Here Comes Basketball
Wed., February 12, 04:30 PM
As you know, baseball was always my game of choice. In elementary school we were taught to play basketball, which was pretty dull. We played “girls’ rules,” six people on a team, three forwards and three guards. A line divided the court into two halves, and if you were a guard, you played only on your opponent’s half and never got to shoot. No one was allowed to cross the line. Only the good shooters got to be forwards, and the guards didn’t get to practice shooting because they were guards. (And this was before the time when everyone had a hoop in the playground or in someone’s driveway.) I’d rather play baseball, where I could perform adequately – sort of.
When I was in college, baseball was more or less inaccessible. In New England’s weather, in our arctic corner of Connecticut, the school season seems to end before the ground really dries out. It was hard to watch pro baseball, because personal television sets were not permitted, and you’d be lucky to be allowed to watch the one in the lounge, if you could receive the program. The only radio baseball I could receive was the Boston Red Sox; I was a New York fan.
Fortunately, our university always had a good basketball team. This was men’s basketball, and it was exciting. I could attend any on-campus game with just my college I.D., and most of the games were on the radio as well. As I had with baseball, I learned the rules and the players. Occasionally we would hear that a player had been removed from the team for a semester because of “academic difficulties.” I was always a little proud that our school made academics a priority; it was not yet an NCAA requirement. We generally did well in the Big East and usually played in the National Invitational Tournament. (Women, of course, whether in P.E. or intramural games, were still playing girls rules.)
Then I graduated and returned home. Now baseball was back, and the college games were inaccessible. (Why would local radio or television cover a college team a hundred miles away?) The NBA didn’t offer the same excitement so, outside of checking the newspapers for mention of the college teams, I paid little attention until the early 1990’s. That was when two separate situations happened at the same time. First, I was getting more and more annoyed with baseball. Around the same time, the UConn team was gaining national attention. Suddenly the local television station was airing the games, and everybody in our office was humming the Connecticut “fight” song. “Go ahead and hum,” I told them, “I know the words.”
Within a few years, a second miracle was taking place – the emergence of women’s basketball. Our girls are exciting. Women were playing “men’s rules” now, no more of this “guards can’t shoot.” Connecticut’s Public Broadcasting station took a chance on airing the women’s championship games that year. With record audiences women’s basketball turned out to be a good fundraiser for the station The number of games they aired was increased in the following years. At present Connecticut Public Television broadcasts every single UConn Women’s game unless it is being carried by national television.
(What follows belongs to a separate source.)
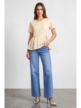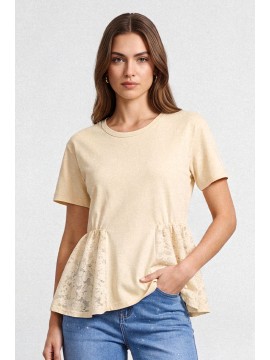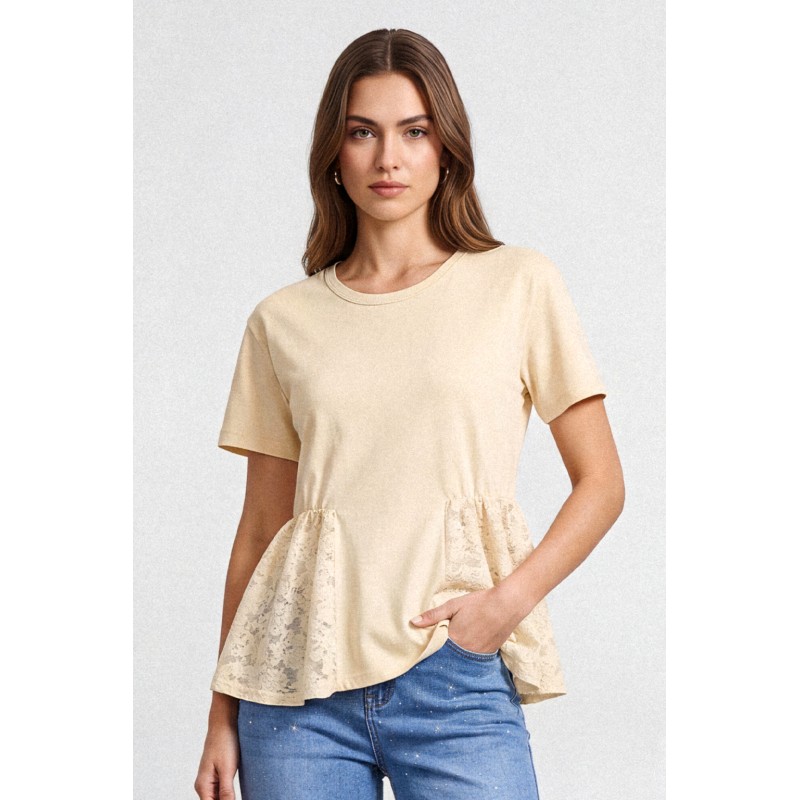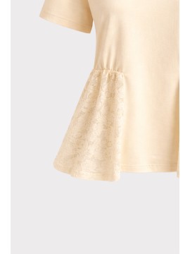 T-Shirt dal design femminile e contemporaneo realizzata in tessuto morbido e leggero, caratterizzata da raffinati inserti in pizzo e macrame' applicati sui lati che donano movimento e un effetto decorativo delicato. La combinazione tra il corpo essenziale della shirt e le lavorazioni traforate crea un equilibrio elegante tra semplicità e ricercatezza. Il modello presenta scollo rotondo e maniche corte, con una vestibilità morbida e confortevole che valorizza la silhouette. Gli inserti laterali in pizzo e uncinetto aggiungono profondità e leggerezza al capo, rendendolo ideale per outfit casual chic o abbinamenti più raffinati.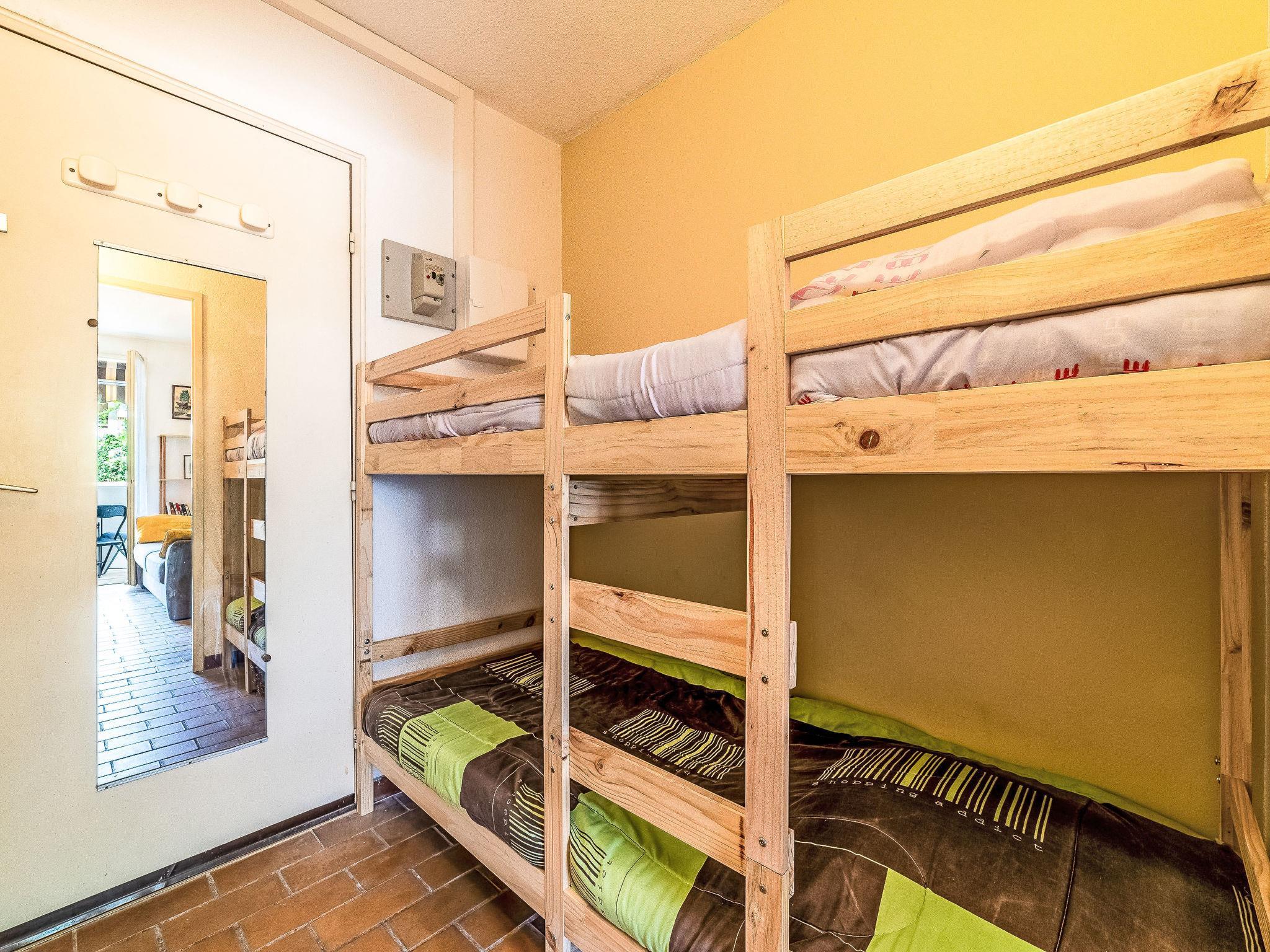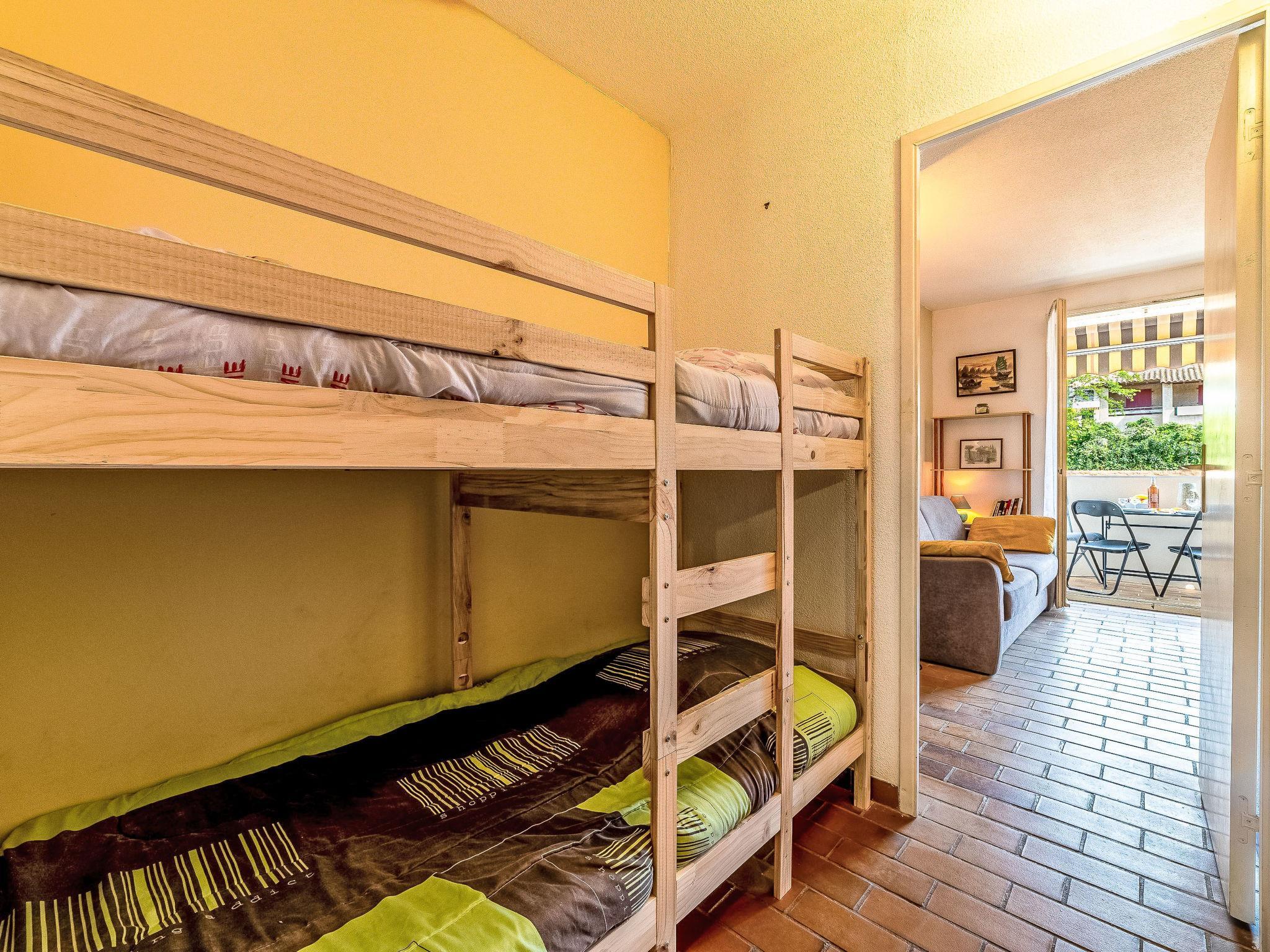 1-room studio 21 m2 on 1st floor, east facing position. Object suitable for 2 adults + 2 children. Practical and beautiful furnishings: entrance hall with 1 x 2 bunk beds (80 cm, length 190 cm). Living/dining room with 1 sofabed (160 cm, length 200 cm), TV (flat screen). Exit to the terrace. Kitchenette (2 hot plates, toaster, kettle, freezer, electric coffee machine, combination microwave). Shower/WC. Air-conditioning, forced-air heating. Terrace 5 m2, roofed, east facing position. Terrace furniture. Facilities: washing machine. Internet (WiFi, free). Parking space n 572. Please note: apartment carpark side. Non-smokers only. TV only FR. Smoke alarm. Offer by a private individual according to Art. 155, IV of CGI. 83112001457RH

Just as there are distinct differences between college basketball and the NBA, there are differences between men’s and women’s basketball. Most of the boys playing college ball today are auditioning for the NBA. The girls are scholars who happen to play basketball. Many of them are dean’s list students. There are fewer opportunities for them to play professional ball, and the result is that the girls actually graduate.
What are the implications? Women often earn scholarships to universities they could not afford to attend; so these women are better educated. High profile women achievers are positive role models for little girls. Unlike the men, they respond to the attention by volunteering in the community. They become communicators and teachers. They become coaches. When Jen Rizzotti coached the Hartford team to the NCAA tournament last year, it began to look as if the great coaching at UConn is something that can be taught.
The idea of cutting back Title IX funding when its effects are so positive is something that only a man could think up. (Oh, wait, that’s another story.)
The UConn women are riding a record winning streak right now, and a lot of people are waiting for them to lose – as they will eventually. What’s more important is winning enough games to get to the championship. I wouldn’t miss this. Don’t bother me tonight – there’s a game on CPTV.